§ AIM OF THE EXERCISE:
Here the job is to print all of the entries below verbatim and leave out any picture.

<<<<

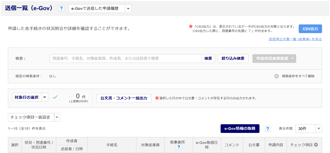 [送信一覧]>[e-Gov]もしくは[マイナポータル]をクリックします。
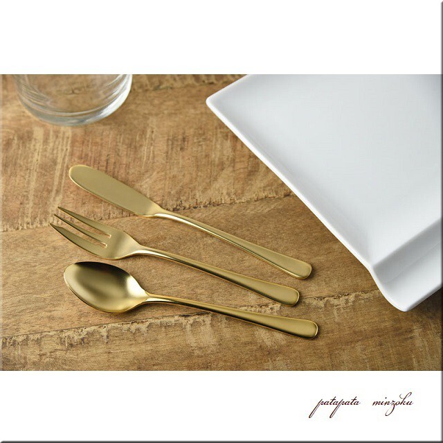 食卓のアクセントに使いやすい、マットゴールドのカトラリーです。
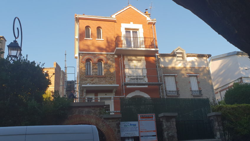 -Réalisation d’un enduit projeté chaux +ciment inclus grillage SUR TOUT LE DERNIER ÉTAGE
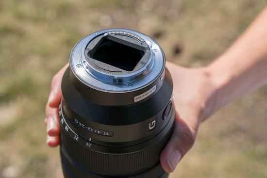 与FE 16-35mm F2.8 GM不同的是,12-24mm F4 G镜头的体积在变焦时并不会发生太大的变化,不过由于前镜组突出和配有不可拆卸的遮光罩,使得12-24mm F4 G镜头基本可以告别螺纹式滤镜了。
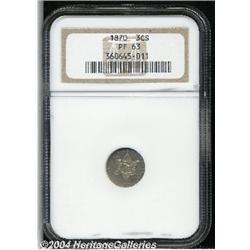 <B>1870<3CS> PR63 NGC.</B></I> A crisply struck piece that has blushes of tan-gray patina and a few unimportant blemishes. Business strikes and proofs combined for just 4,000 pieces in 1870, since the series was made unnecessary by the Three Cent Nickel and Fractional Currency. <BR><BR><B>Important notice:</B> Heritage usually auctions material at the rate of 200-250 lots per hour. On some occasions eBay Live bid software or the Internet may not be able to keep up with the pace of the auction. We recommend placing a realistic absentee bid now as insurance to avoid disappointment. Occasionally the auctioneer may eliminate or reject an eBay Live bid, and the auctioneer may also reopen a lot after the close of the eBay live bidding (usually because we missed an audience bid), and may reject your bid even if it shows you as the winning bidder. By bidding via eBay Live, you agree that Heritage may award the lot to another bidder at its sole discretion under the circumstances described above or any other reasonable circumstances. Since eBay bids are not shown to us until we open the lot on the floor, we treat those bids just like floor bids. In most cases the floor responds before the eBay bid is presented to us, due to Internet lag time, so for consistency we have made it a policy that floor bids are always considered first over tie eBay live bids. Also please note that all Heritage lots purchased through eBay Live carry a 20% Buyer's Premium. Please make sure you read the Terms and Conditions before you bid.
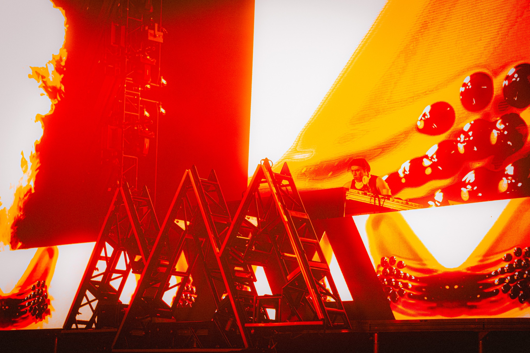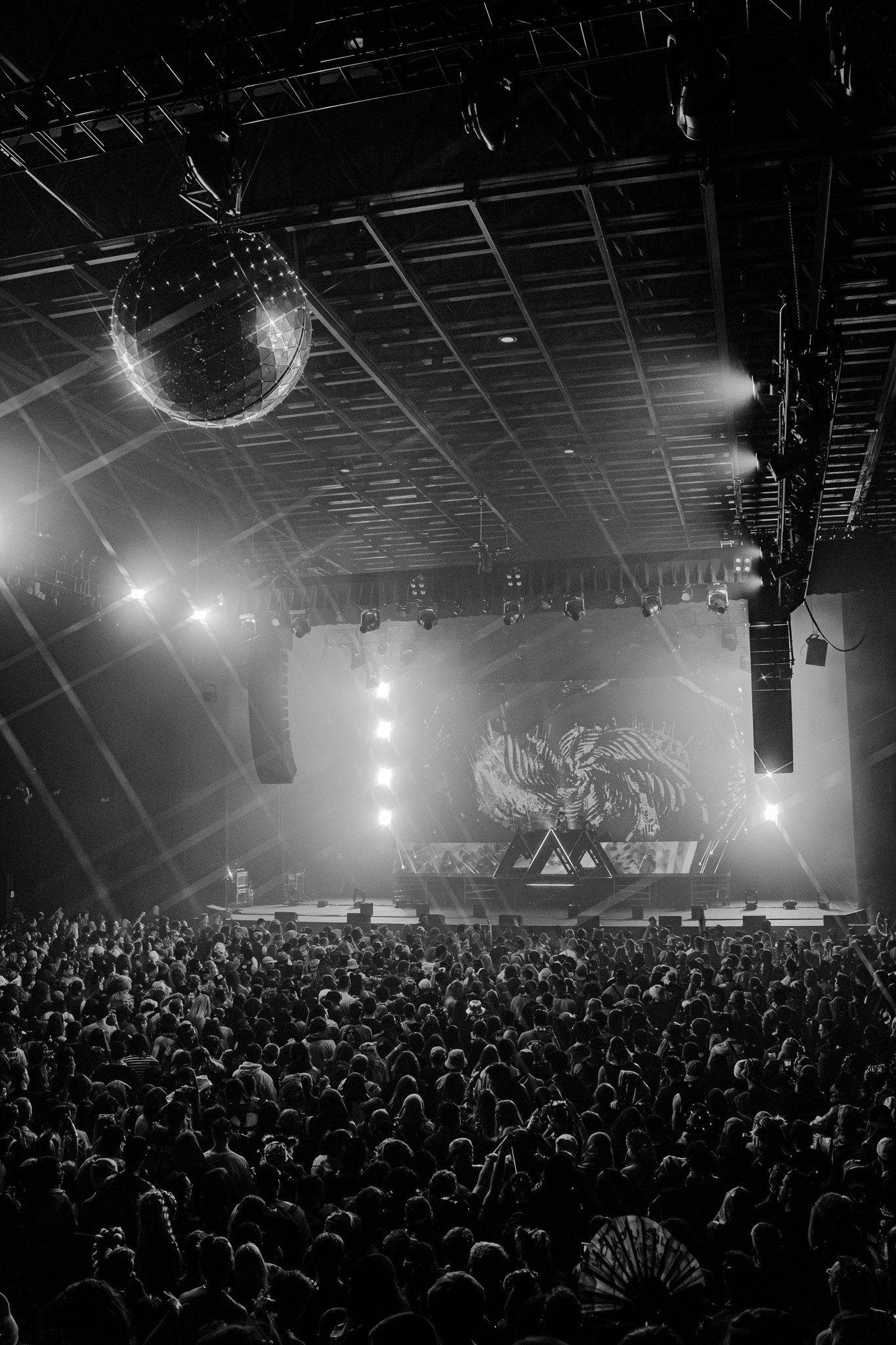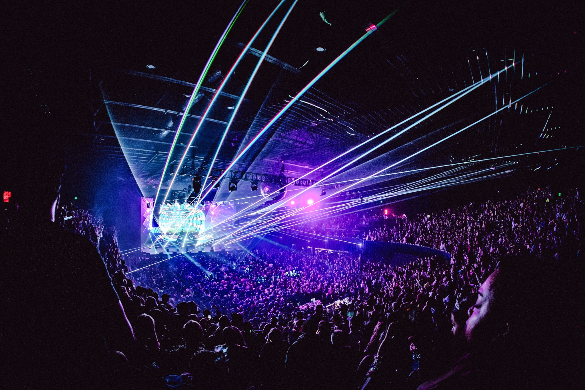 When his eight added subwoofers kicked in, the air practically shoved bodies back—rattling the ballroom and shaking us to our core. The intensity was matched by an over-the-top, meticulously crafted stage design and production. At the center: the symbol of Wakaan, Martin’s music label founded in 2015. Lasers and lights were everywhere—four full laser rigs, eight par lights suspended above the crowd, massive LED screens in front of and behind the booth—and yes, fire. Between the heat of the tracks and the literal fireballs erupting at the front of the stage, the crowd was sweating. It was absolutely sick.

>>>>

§ TASK RESULT:
 [送信一覧]>[e-Gov]もしくは[マイナポータル]をクリックします。
 食卓のアクセントに使いやすい、マットゴールドのカトラリーです。
 -Réalisation d’un enduit projeté chaux +ciment inclus grillage SUR TOUT LE DERNIER ÉTAGE
 与FE 16-35mm F2.8 GM不同的是,12-24mm F4 G镜头的体积在变焦时并不会发生太大的变化,不过由于前镜组突出和配有不可拆卸的遮光罩,使得12-24mm F4 G镜头基本可以告别螺纹式滤镜了。
 <B>1870<3CS> PR63 NGC.</B></I> A crisply struck piece that has blushes of tan-gray patina and a few unimportant blemishes. Business strikes and proofs combined for just 4,000 pieces in 1870, since the series was made unnecessary by the Three Cent Nickel and Fractional Currency. <BR><BR><B>Important notice:</B> Heritage usually auctions material at the rate of 200-250 lots per hour. On some occasions eBay Live bid software or the Internet may not be able to keep up with the pace of the auction. We recommend placing a realistic absentee bid now as insurance to avoid disappointment. Occasionally the auctioneer may eliminate or reject an eBay Live bid, and the auctioneer may also reopen a lot after the close of the eBay live bidding (usually because we missed an audience bid), and may reject your bid even if it shows you as the winning bidder. By bidding via eBay Live, you agree that Heritage may award the lot to another bidder at its sole discretion under the circumstances described above or any other reasonable circumstances. Since eBay bids are not shown to us until we open the lot on the floor, we treat those bids just like floor bids. In most cases the floor responds before the eBay bid is presented to us, due to Internet lag time, so for consistency we have made it a policy that floor bids are always considered first over tie eBay live bids. Also please note that all Heritage lots purchased through eBay Live carry a 20% Buyer's Premium. Please make sure you read the Terms and Conditions before you bid.
 When his eight added subwoofers kicked in, the air practically shoved bodies back—rattling the ballroom and shaking us to our core. The intensity was matched by an over-the-top, meticulously crafted stage design and production. At the center: the symbol of Wakaan, Martin’s music label founded in 2015. Lasers and lights were everywhere—four full laser rigs, eight par lights suspended above the crowd, massive LED screens in front of and behind the booth—and yes, fire. Between the heat of the tracks and the literal fireballs erupting at the front of the stage, the crowd was sweating. It was absolutely sick.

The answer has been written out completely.